## SUPPLIED DATA
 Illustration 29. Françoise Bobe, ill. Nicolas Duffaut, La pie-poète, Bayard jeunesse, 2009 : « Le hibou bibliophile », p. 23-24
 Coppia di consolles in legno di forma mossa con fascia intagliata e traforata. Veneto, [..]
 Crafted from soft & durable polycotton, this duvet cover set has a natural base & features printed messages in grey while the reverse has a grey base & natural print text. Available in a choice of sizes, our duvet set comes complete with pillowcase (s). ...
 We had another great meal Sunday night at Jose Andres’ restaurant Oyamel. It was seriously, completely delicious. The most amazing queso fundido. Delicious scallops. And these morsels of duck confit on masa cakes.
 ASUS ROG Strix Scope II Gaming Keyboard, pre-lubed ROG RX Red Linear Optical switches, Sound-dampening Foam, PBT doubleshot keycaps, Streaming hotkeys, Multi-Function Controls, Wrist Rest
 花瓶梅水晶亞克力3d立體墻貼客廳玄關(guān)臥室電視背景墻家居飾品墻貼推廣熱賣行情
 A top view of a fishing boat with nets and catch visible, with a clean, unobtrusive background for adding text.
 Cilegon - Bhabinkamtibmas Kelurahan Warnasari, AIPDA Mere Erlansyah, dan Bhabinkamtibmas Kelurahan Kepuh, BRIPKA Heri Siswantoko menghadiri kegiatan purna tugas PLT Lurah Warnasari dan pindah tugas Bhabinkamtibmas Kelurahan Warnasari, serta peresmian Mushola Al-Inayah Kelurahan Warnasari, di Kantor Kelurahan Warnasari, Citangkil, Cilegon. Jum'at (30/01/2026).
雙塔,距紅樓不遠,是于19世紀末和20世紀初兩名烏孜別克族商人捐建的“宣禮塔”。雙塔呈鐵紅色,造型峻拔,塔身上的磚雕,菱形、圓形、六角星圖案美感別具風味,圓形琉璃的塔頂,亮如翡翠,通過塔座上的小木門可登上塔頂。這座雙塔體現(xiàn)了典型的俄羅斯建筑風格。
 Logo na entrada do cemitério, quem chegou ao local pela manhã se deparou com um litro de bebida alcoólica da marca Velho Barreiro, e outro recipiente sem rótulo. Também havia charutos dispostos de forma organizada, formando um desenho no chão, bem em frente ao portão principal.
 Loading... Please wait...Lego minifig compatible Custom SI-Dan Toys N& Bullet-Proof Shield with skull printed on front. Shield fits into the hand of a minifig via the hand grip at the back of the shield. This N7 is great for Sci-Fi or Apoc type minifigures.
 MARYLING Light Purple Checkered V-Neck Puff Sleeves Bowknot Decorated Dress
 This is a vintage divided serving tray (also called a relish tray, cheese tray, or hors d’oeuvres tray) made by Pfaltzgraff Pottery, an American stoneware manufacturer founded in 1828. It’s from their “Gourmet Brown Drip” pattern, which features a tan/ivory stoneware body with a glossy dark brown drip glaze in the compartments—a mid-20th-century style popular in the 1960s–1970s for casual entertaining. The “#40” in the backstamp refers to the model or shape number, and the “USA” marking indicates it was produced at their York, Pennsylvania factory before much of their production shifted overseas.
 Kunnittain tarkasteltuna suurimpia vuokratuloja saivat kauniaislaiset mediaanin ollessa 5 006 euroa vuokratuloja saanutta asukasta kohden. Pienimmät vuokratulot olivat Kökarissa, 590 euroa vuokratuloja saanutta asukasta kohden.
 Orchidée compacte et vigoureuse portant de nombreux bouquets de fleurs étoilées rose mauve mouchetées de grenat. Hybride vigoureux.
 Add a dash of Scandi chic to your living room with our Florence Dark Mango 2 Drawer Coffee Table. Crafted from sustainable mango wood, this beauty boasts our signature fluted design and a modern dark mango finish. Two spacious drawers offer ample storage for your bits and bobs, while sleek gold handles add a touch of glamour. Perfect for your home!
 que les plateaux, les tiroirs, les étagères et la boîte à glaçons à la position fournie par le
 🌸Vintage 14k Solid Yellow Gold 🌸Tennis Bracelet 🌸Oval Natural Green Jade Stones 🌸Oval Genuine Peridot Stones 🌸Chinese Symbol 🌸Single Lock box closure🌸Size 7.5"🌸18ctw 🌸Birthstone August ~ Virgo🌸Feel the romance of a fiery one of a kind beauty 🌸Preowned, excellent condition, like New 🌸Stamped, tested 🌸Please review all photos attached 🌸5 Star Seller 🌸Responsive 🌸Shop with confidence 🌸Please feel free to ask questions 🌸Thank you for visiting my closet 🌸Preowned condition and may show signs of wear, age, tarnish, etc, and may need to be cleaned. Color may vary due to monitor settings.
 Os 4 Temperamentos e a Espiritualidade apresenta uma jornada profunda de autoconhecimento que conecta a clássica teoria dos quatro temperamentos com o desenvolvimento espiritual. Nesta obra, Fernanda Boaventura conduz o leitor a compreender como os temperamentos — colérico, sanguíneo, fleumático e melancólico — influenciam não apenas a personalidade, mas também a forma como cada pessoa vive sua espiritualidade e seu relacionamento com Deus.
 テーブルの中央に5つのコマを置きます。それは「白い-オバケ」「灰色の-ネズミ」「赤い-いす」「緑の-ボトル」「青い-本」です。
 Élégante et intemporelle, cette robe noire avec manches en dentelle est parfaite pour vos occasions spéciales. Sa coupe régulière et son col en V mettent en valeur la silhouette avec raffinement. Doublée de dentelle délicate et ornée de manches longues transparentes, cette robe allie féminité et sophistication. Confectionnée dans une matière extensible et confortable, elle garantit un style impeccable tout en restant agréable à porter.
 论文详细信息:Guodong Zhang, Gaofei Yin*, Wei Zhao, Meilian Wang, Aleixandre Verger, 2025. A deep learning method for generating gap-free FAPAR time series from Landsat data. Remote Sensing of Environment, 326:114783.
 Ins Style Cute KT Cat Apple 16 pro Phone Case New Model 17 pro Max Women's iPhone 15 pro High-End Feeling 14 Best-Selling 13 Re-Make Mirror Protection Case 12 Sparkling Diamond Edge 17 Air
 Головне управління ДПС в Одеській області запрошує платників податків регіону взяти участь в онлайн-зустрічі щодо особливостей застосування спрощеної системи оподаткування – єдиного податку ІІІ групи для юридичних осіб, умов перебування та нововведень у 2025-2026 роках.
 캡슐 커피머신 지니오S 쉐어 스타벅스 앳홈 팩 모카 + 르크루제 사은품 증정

## ABOUT THIS EXERCISE
In the records above, find each line with the string "forma" and list it.

## TASK RESULT
 Coppia di consolles in legno di forma mossa con fascia intagliata e traforata. Veneto, [..]
 Logo na entrada do cemitério, quem chegou ao local pela manhã se deparou com um litro de bebida alcoólica da marca Velho Barreiro, e outro recipiente sem rótulo. Também havia charutos dispostos de forma organizada, formando um desenho no chão, bem em frente ao portão principal.
 Os 4 Temperamentos e a Espiritualidade apresenta uma jornada profunda de autoconhecimento que conecta a clássica teoria dos quatro temperamentos com o desenvolvimento espiritual. Nesta obra, Fernanda Boaventura conduz o leitor a compreender como os temperamentos — colérico, sanguíneo, fleumático e melancólico — influenciam não apenas a personalidade, mas também a forma como cada pessoa vive sua espiritualidade e seu relacionamento com Deus.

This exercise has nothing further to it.